Я вспомнил, что дома хранились две книги, которые следовало переставить, они стояли высоко на полках — я не думал, что когда-либо обращусь к ним. Это были «Anglo-Saxon Reader» Суита и «Англосаксонская хроника». Каждая снабжена глоссарием. Однажды утром мы собрались в Национальной библиотеке.
Я думал о том, что утратил видимый мир, а сейчас хочу обрести другой — мир своих далеких предков, тех племен, тех людей, что пересекли на веслах бурные северные моря, отправившись из Дании, Германии и Нидерландов завоевывать Англию; они назвали ее Англией, а раньше земля англов (England) звалась землей бриттов, которые были кельтами.

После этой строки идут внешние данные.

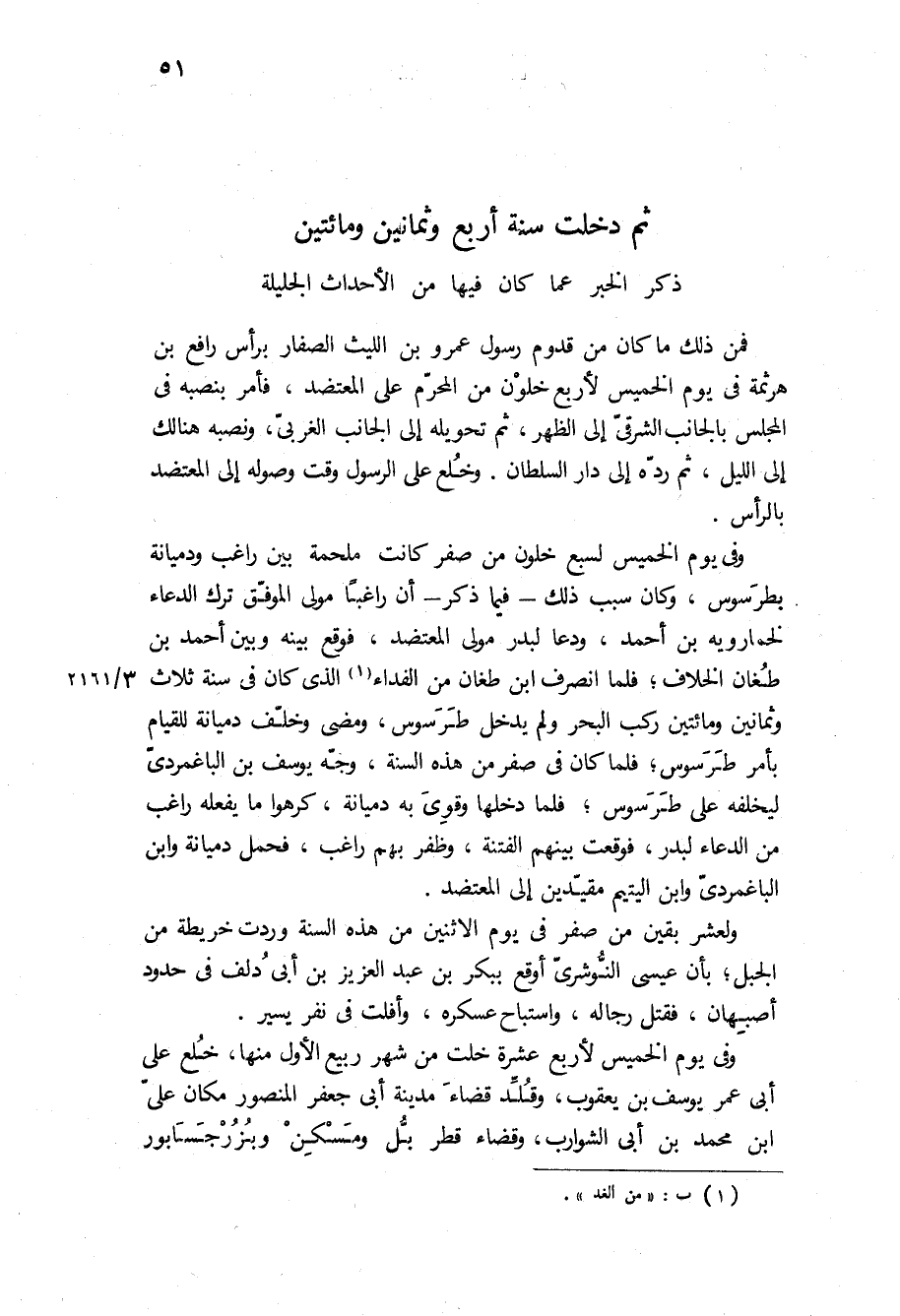 فمن ذلك ما كان من قدوم رسول عمرو بن الليث الصفار برأس رافع بن هرثمة في يوم الخميس لاربع خلون من المحرم على المعتضد، فامر بنصبه في المجلس بالجانب الشرقى الى الظهر، ثم تحويله الى الجانب الغربي، ونصبه هنالك الى الليل، ثم رده الى دار السلطان وخلع على الرسول وقت وصوله الى المعتضد بالراس.

Субботним утром мы собрались в кабинете Груссака и начали читать. Одно обстоятельство обрадовало нас, и взволновало, и наполнило некоторой гордостью. Дело в том, что саксы, как и скандинавы, употребляли две Рунические буквы для обозначения звуков th — как в слове «thing», так и в слове «the». Это делало страницу таинственной. Я записал эти буквы на грифельной доске.
Мы обнаружили, что язык отличается от английского и похож на немецкий.

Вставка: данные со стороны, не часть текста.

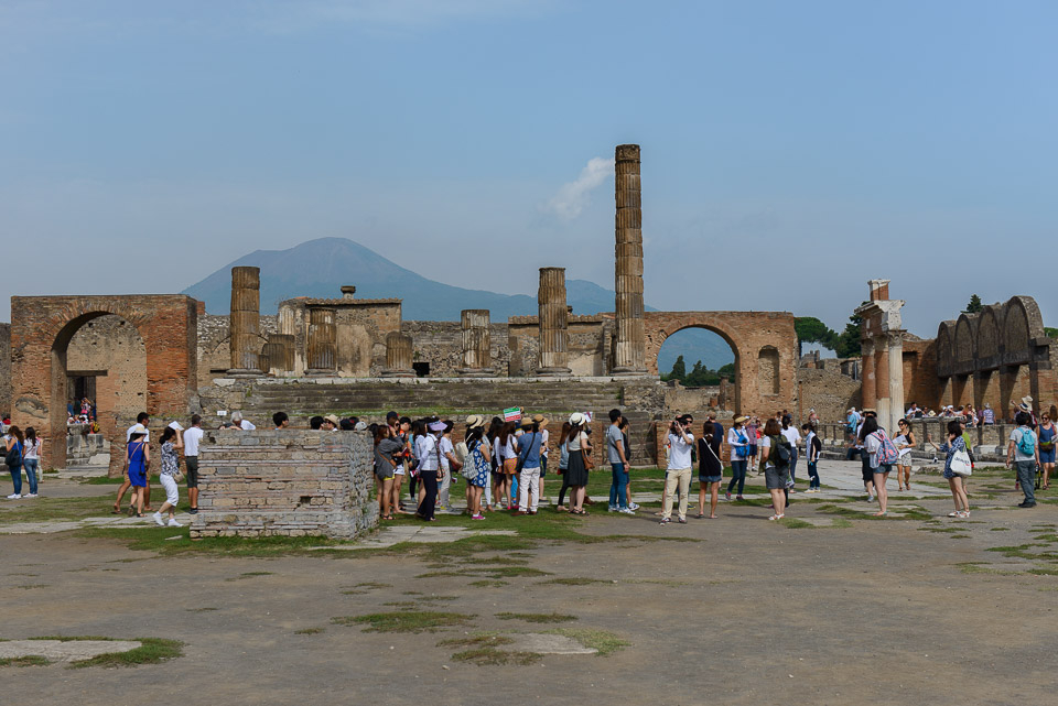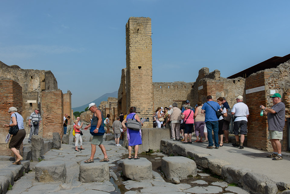 Nell’estate del 79 d.C. (primo anno di regno dell’imperatore Tito, cfr. Cassio Dione V) Pompei fu sommersa da una pioggia di cenere e lapilli (e non lava, come spesso viene riportato) che, salvo un intervallo di alcune ore, cadde ininterrotta fino a formare uno strato di oltre tre metri. Al momento dell’eruzione molti edifici erano in fase di ricostruzione a causa di un sisma verificatosi pochi giorni prima, e non per quello del 62 – come precedentemente creduto -, i cui danni erano già stati completamente riparati. La data di questa eruzione ci è nota in base a una lettera di Plinio il giovane e dovrebbe corrispondere al 24 agosto. Tuttavia non tutti gli studiosi concordano, anche perché di questa lettera non esiste l’originale, ma ci sono solamente trascrizioni successive. In alcune si parla del nono giorno prima delle calende di novembre, corrispondente al 24 di ottobre. Altri indizi vengono dal ritrovamento di frutta secca, come noci e fichi, oppure di sorbe, frutto tipico autunnale, ma la prova forse più importante è il ritrovamento di una moneta d’argento che riporta la scritta IMPXV, ovvero la quindicesima acclamazione di Tito a imperatore, che avvenne l’8 settembre del 79 d.C. Nella cenere solidificata furono ritrovate delle cavità; queste, riempite con colate di gesso o di altro materiale, hanno poi formato i calchi delle vittime dell’eruzione. Nel 1997 l’UNESCO ha dichiarato Pompei “Patrimonio Mondiale dell’Umanità“. Il Comitato ha deciso di promuovere l’area considerando che gli straordinari reperti delle città di Pompei, Ercolano e delle città limitrofe, sepolte dall’eruzione del Vesuvio del 79 d.C., costituiscono la testimonianza unica di una struttura sociale conservata pressoché intatta per due millenni. ( testi e descrizioni dei comuni e di Pompei da Wikipedia )

То, что всегда случается при изучении языка, произошло. Каждое слово выделяется резко, как выгравированное, как если бы оно было талисманом.
Поэтому стихи на чужом языке производят большее впечатление, чем на родном: мы вслушиваемся, всматриваемся в каждое слово, думаем об их красоте, об их силе или просто о непохожести. В это утро нам повезло. Мы обнаружили фразу: «Юлий Цезарь был первым из римлян, кто открыл Англию». То, что мы встретили римлян в северном тексте, тронуло нас. Вспомните, ведь мы ничего не знали, мы рассматривали слово в лупу, каждое слово было как талисман, полученный в дар. Мы нашли два слова. Эти слова пьянили нас; правда, я был стар, а мои ученицы юны (оба возраста склонны к восторгам). Я думал: «Я возвращаюсь к этому языку, я вновь обретаю его. Я не впервые пользуюсь им; я говорил на этом языке, когда носил другие имена». Этими словами были название Лондона — Lundenburg, Londresburgo — и название Рима, которое тронуло нас даже сильнее, мы подумали о свете Рима, падавшем на эти затерянные далеко на севере острова, — Romeburh, Romaburgo. Казалось, еще немного, и мы пойдем по улице с криками: «Lundenburg, Romeburh…»

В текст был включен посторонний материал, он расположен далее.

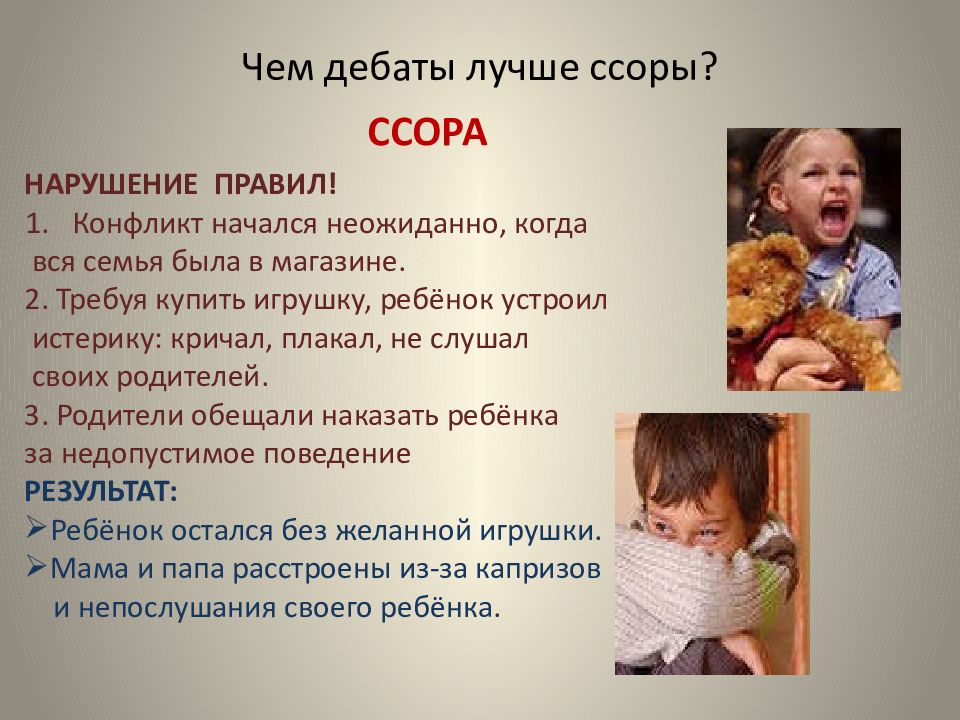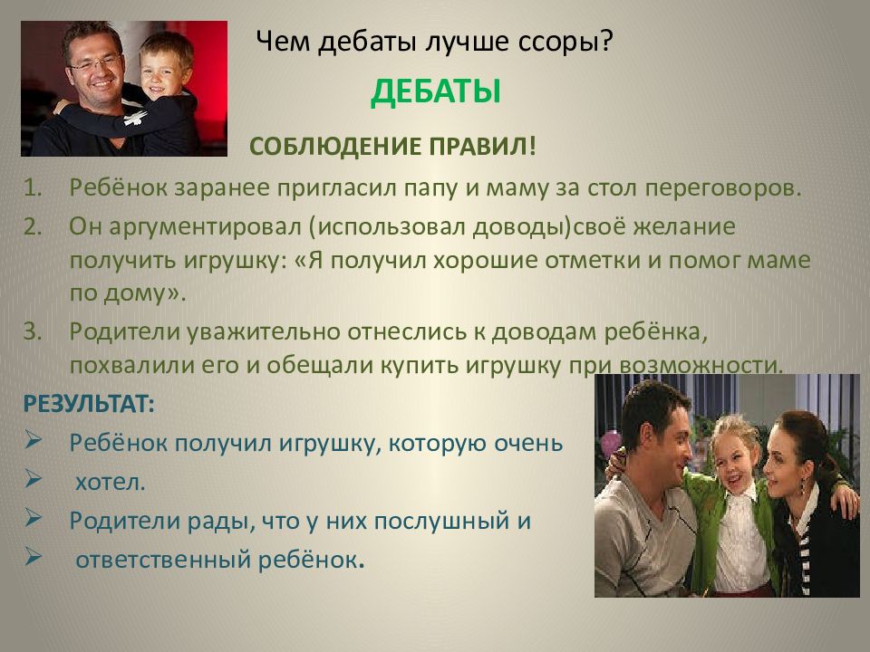 ДЕБАТЫ СОБЛЮДЕНИЕ ПРАВИЛ! Ребёнок заранее пригласил папу и маму за стол переговоров. Он аргументировал (использовал доводы)своё желание получить игрушку: «Я получил хорошие отметки и помог маме по дому». Родители уважительно отнеслись к доводам ребёнка, похвалили его и обещали купить игрушку при возможности. РЕЗУЛЬТАТ: Ребёнок получил игрушку, которую очень хотел. Родители рады, что у них послушный и ответственный ребёнок.

Так началось изучение древнеанглийского, к которому привела меня слепота. И сейчас я храню в памяти множество элегических, эпических англосаксонских стихотворений.
Я заменил мир видимый слышимым миром древнеанглийского языка. Затем я обратился к другому, более позднему и более богатому миру скандинавской литературы: к Эддам и сагам. Впоследствии я написал «Древние германские литературы», множество стихов на эту тему, а прежде всего наслаждался этой литературой. А сейчас я готовлю книгу о скандинавской литературе. Я не дал слепоте запугать себя. Кроме того, прекрасное известие сообщил мне мой издатель: он сказал, что, если я за год напишу тридцать стихов, он сумеет издать книгу. Тридцать стихотворений означает дисциплину, особенно когда вынужден диктовать каждую строчку; но в то же время достаточную свободу, потому что скорее всего за год наберется тридцать случаев поэзии.